Oh! Why am I falling?

 

 

A young man, sitting idly in the laps of his garden and an apple strikes his head. The story sounds familiar, right? It indeed is and the young man I speak of is none other than the great Isaac Newton.

Storytellers for centuries have been obsessed by how, in a stroke of brilliant insight, Newton suddenly came up with his theory of gravity after an apple hit his head. The story certainly appears embellished, courtesy generations of narrators who walked the Earth after his demise. Till today, it is one of the most famous anecdotes in the history of science. And that stands testament to the colossal figure that Newton was.

No! This article is not about Newton or that apple which led to one of the greatest theories in science.

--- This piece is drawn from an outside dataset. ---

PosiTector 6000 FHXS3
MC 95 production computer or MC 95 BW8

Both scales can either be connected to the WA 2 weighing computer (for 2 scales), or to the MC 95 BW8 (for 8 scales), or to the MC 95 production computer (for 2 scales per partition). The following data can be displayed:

Yes! This article is about gravity and tries, at its very core, to help us understand how gravity has shaped everything across the cosmos.

Simply defined, gravity is the fundamental force that binds us to our planet. Gravity keeps everything in place for us to observe and appreciate. It keeps the water in the vast oceans that cover almost three-fourth of our planet; it holds the vast ranges of mountains from the Alps to the Great Himalayas; it even keeps the man-made marvels to stay grounded. It creates stars from the primordial cloud of gas and cosmic dust and sculpts the planets and moons and set them in orbit around these newly formed stars. And gravity connects these star systems together in vast galaxies and steers them on their journey through unbounded space.  It is also responsible for creating shape (and destroying them too!) and order and initiating patterns that repeat across the entire observable universe. Understanding this fundamental force of nature has led us to a far deeper understanding of our place in the midst of vast cosmos. Every second, we experience gravity that is often taken for granted. Yet this force is able to keep us firmly rooted to the ground.

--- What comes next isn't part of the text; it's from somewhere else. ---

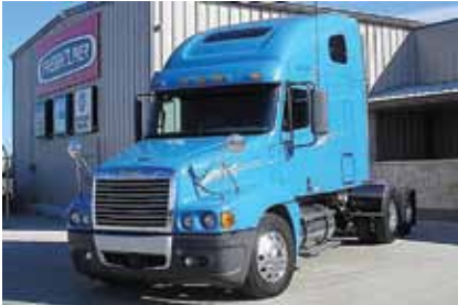
2008 Freightliner Century 120, 70 in Raised Roof Condo; 14.0 Detroit Engine 515 hp; Diesel; 10 Spd OD; Engine Brake; Air Ride; 3.42 Ratio; LP 22.5 Tires; All Aluminum Wheels; 230 in WB; Tandem Axle, 446,000 Miles. (8LW48819-TEM-2)

Now, if I were to ask you, “How do you know that there’s gravity around us, everywhere?”  Then you might say, “I can just jump and show that I was pulled back by something back onto the ground. And that something, obviously, is gravity.”

Well, yes, but actually, gravity is a little bit more complicated than that.

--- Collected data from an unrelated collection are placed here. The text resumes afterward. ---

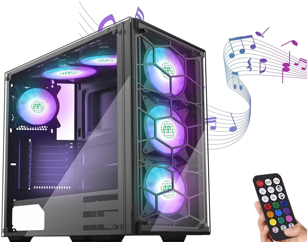
Figure 1: Front and side view of the MUSETEX ATX Mid-Tower Case 907 showcasing its ARGB fans.
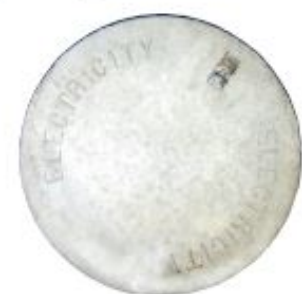
Applicable for Lid part numbers only
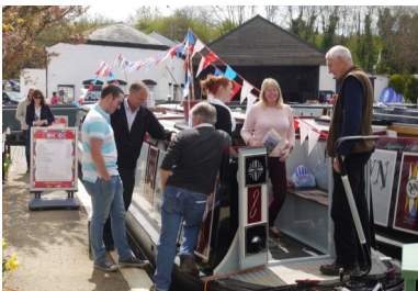
The buzzing Braunston Show, April 2014.
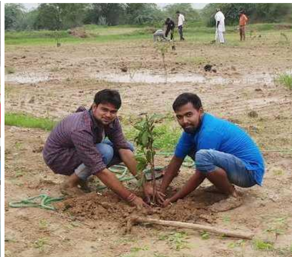
Nihal, Betul (Madhya Pradesh)
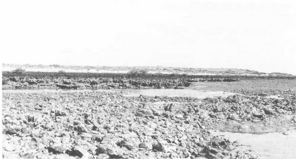
• Parts of the south-eastern sector (looking north).
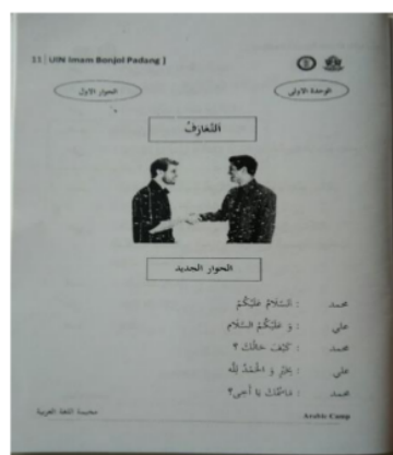
Figure 4. Learning Module

The tutors provide learning at the beginning of the meeting, then Arabic production practice is carried out after students receive material that has been arranged through modules. The Arabic learning process after Arabic Camp should be followed up as well as efforts to develop student skills and develop effective modules. One of the modules implemented is as follows.

In school, we were taught that gravity is typically a force between masses.  When you stand on a weighing machine, the number on the scale represents the pull of the Earth’s gravity on your mass, giving you weight.  It is easy to imagine the gravitational force of the Sun holding the planets or the planets holding their respective moons in their orbits. Well, forces are easy to understand as pushes and pulls.

But we now understand that gravity as a force is only part of a more complex phenomenon. This complex nature of gravity is described by Einstein’s general theory of relativity. While general relativity is a theory of extraordinary importance, it’s a radical departure from the idea of gravity as a force. The key to general relativity lies in the fact that everything in a gravitational field falls at the same rate. Stand on the moon and drop a brick and a paper, and they will hit the surface at the same time. The same is true for any object regardless of its mass, and this is known as the equivalence principle. Since everything falls in the same way regardless of its mass, it means that without some external point of reference, a free-floating observer far from gravitational sources and a free-falling observer in the gravitational field of a massive body each have the same experience. For example, astronauts in the ISS (International Space Station) look as if they are floating without gravity.  Actually, the gravitational pull of the Earth on the space station is nearly as strong as it is at the surface.  The difference is that the space station (and everything in it) is falling. The space station is in orbit, which means it is literally falling around the Earth.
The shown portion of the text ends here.